The bill — which sailed through the Assembly and on July 2 was approved by the Senate Committee on Elections and Constitutional Amendments, which sent it on to the Committee on Appropriations for an Aug. 12 hearing – is a pretend reform. Assemblyman Paul Fong, D-Cupertino, the bill’s author, maintains that because of paid petition circulations, the state’s initiative process — born in 1911, when California amended its constitution to allow voters to directly pass laws — “has become one of the favorite tools of well-financed special interest groups.”
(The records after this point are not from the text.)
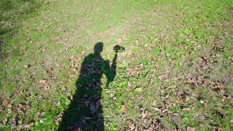 Man operator shadow moving camera on folded tripod on grass Pro Video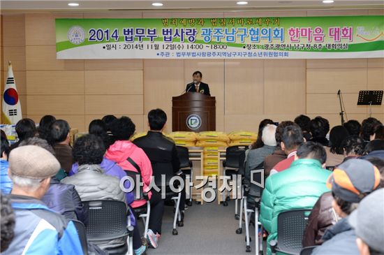 최영호 광주시 남구청장은 12일 오후2시 구청 대회의실에서 법무부범죄예방위원 남구지구협의회 위원 및 선도장학금 대상자 등 100여명이 참석한 가운데 선도장학금 전달식을 갖고 축하인사를 전했다. 사진제공=광주시 남구<br />
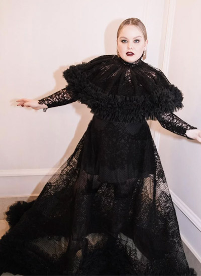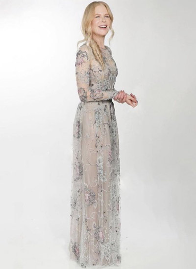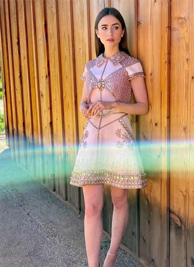 Lily Collins in Georges Hobeika Couture and Casadei shoes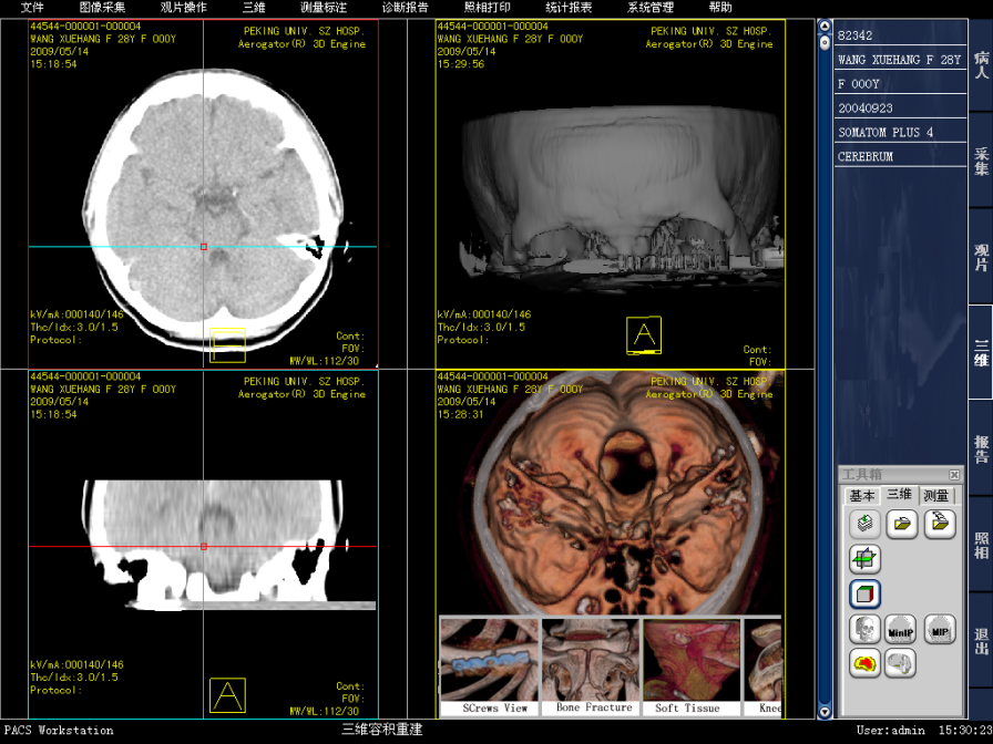 三甲医院医学影像PACS系统源码,集成三维影像后处理功能,包括三维多平面重建、三维容积重建、三维表面重建、三维虚拟内窥镜、最大/小密度投影、心脏动脉钙化分析等功能。系统功能强大,代码完整。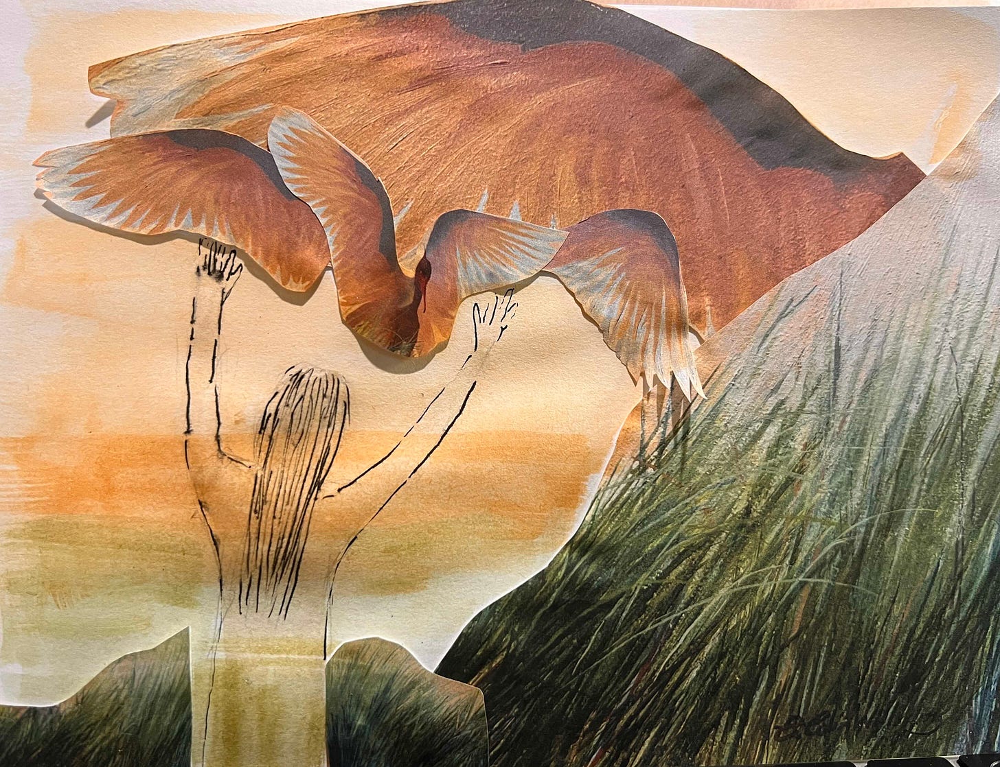 The original painting, sent to my printer several times in different sizes, was one of my dad’s - I know he wouldn’t mind me cutting it up and reassembling it as I have done. The effect isn’t quite what I was going for (full metamorphosis into bird), but there is some aspect of this I quite like.

Don’t be deceived. The state’s biggest “special interest groups” are the powerful public employee unions, which routinely rally their own troops on behalf of legislation they like. As a result, they don’t need to rely as heavily on paid signature collectors as other, smaller organizations trying to place a measure before voters. And while AB 857 makes life more difficult for paid circulators, it makes things much easier for unions. Signatures collected by members of unions would count toward the 20 percent mandate, even if they are solicited via direct mail. The bill also repeals a requirement under existing law that circulators must be registered, or qualified, to vote in California, leaving the door open for unions to bus in circulators from other states.
David Wolf, legislative director with the Howard Jarvis Taxpayers Association (HJTA), said in an email that unions “recognize, in a two-thirds legislative supermajority world, that the initiative process represents the last ‘check’ on their power [and] will do anything to water down [its] influence.” He calls the 20 percent threshold “a big deal” and said for the HJTA, ”having to collect roughly 250,000 grass roots signatures … [would] be incredibly difficult.”
The bill’s co-sponsors are the California Labor Federation and the California Professional Firefighters — while the list of supporters includes the California Teamsters Public Affairs Council; the International Longshore & Warehouse Union; and the California School Employees Association, AFL-CIO.
This isn’t the first time big labor has tried to mess with paid petition circulators. Unions have run radio ads warning that signing petitions can lead to identity theft and fraud. Two years ago, Gov. Jerry Brown vetoed Senate Bill 168, which would have made it illegal to pay people to circulate petitions or even offer them an incentive based on the number of signatures they gather.